Welcome back! Think back to the last speaker you heard. Do you remember the message they gave? What was the one thing that you remember distinctly about that speech? If you couldn’t remember what that speaker was talking about, then they didn’t do a good enough job in sharing their message. But if you did remember, then have you ever wondered how the speaker was able to get you to remember that point? Most likely they repeated their key points a few times. Repetition is such a simple concept yet so often overlooked in speaking. We as speakers always underestimate the minds of our audience and assume they always know what we’re saying. Yet the reality is that they always don’t know, don’t hear or don’t understand what we’ve just said and its our job to ensure that they do.

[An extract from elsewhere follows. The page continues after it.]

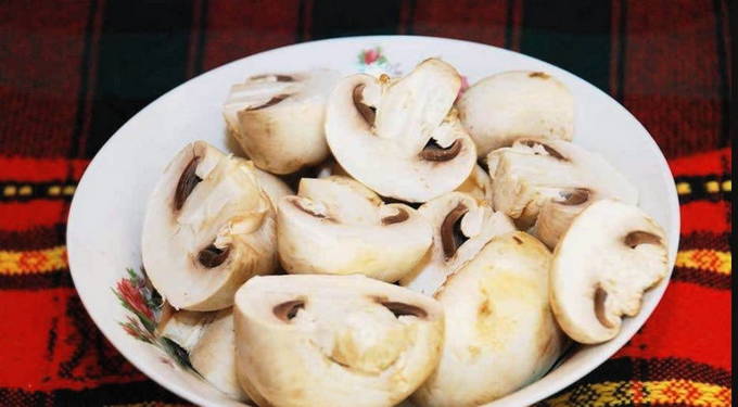 Champignons worden gebruikt als hoofdingrediënt in dit recept. Ze hebben speciale aandacht nodig. Allereerst reinigen we de champignons van de schil en snijden we het been af. Snijd vervolgens de champignons willekeurig in dunne plakjes.

An acquaintance of mine once told me about a job he left after a few weeks because he couldn’t stand it anymore. It was a sales trainer’s job that paid an obscene amount of money. When I asked what the reason was for his woes, he replied that the students in his class kept asking questions about things he had just said. That he had to use repetition over and over. That they should understand what he’s saying and pay attention the first time around.

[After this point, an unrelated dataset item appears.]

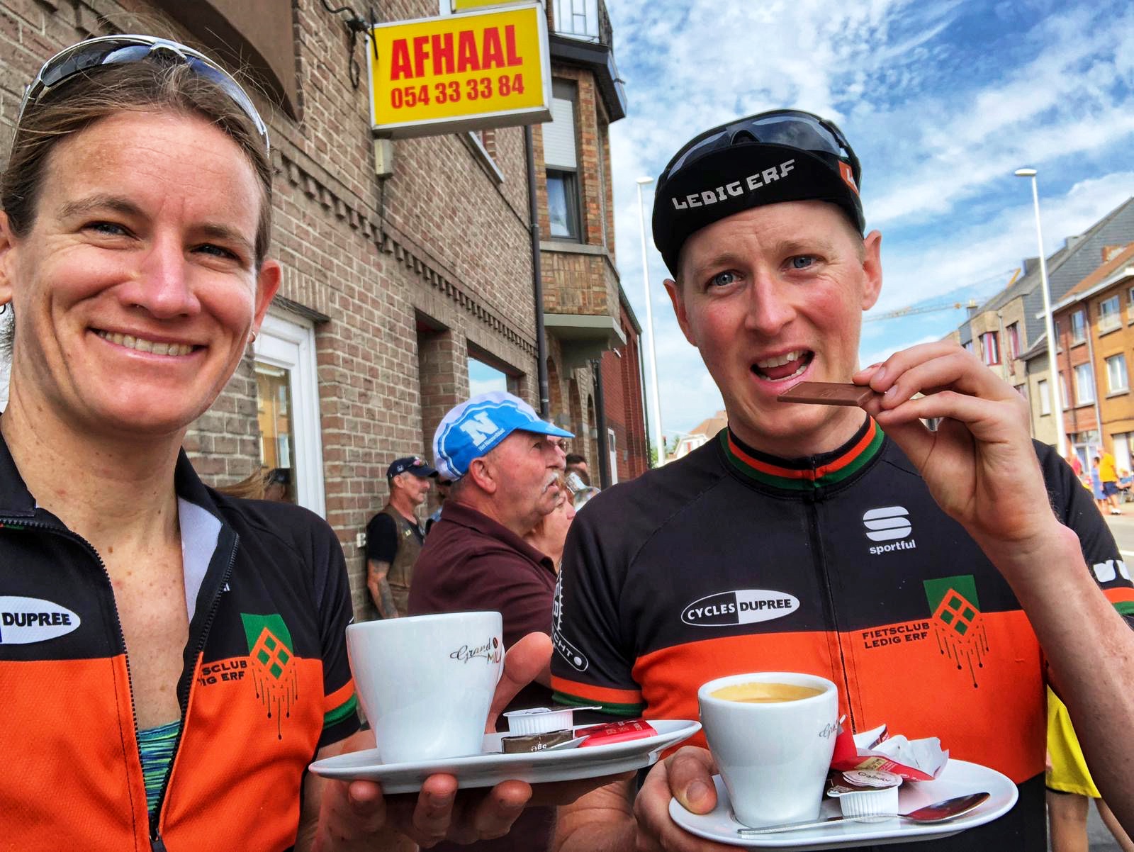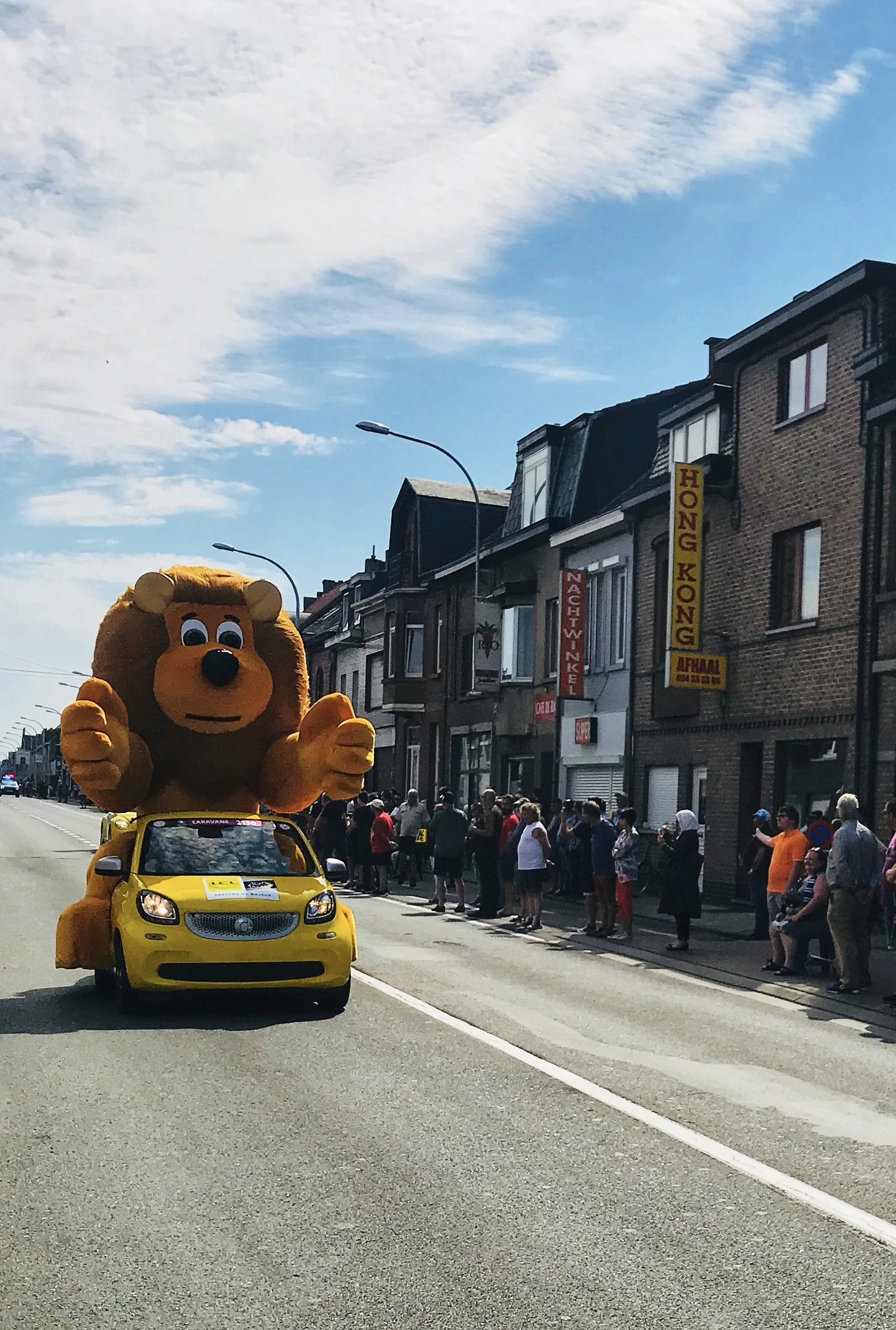 In Ninove vloeit het bier al voor 11en en als we in een drukke kroeg 6 koffie en cola bestellen wordt er gezegd “wacht maar buiten ik onthoud jullie wel en kom het brengen”. Top service! Met een drankje naar de reclame caravaan kijken. Wafels eten en weer rap terug naar parcours: Tour kijken!

It took me by surprise as I’m so used to repetition and answer questions about things that were just said that I didn’t realize that other speakers might find that annoying. I just found it to be “just part of the job”. An essential part of the job. But it got me thinking why was it necessary. Here is what I found;
1) We need to understand the reason’s for having to repeat ourselves. Too often, there are circumstances that are beyond our control. That we can’t understand why but they happen. Whether we like it or not, the minds our audience members will drift from time to time and they may not hear the point we just made. Or what about when somebody gets a text message or decides to flip our their BlackBerry to check email? Our audience members may be drawn to see what that person is doing next to them. Worst yet, and I think this is the most cruel because it is so random, what about when someone behind coughs or sneezes or clears their throat and its so loud that you just can’t hear what the speaker just said. When we use repetition we increase the chance that it will stay
2) Short Term Memory Loss. This is still one of my favourite sayings. If you remember Finding Nemo, then you remember the blue fish, Dory’s constant bout with “Short Term Memory Loss”. She would forget things almost instantly. Some days, I feel that way too as I’m constantly bombarded with new situations, scenario’s and information that its difficult to remember things. The human brain has three levels of memory: Short term, Medium term and Long term memory. Short term memory is where information only lasts about 10-15 seconds and disappears. If its important enough, the person will push it into medium term memory where it will last for hours. If its even more important, it will go into long term memory and stay with us almost permanently. We need to aim for medium term memory at the very least, again by repeating certain important and key points that we’re making at just the right time can dramatically increase the chances of our audience members remembering our message. If we can get our audience to remember our message and key points, they will remember us and we will have improved their lives – isn’t that the goal?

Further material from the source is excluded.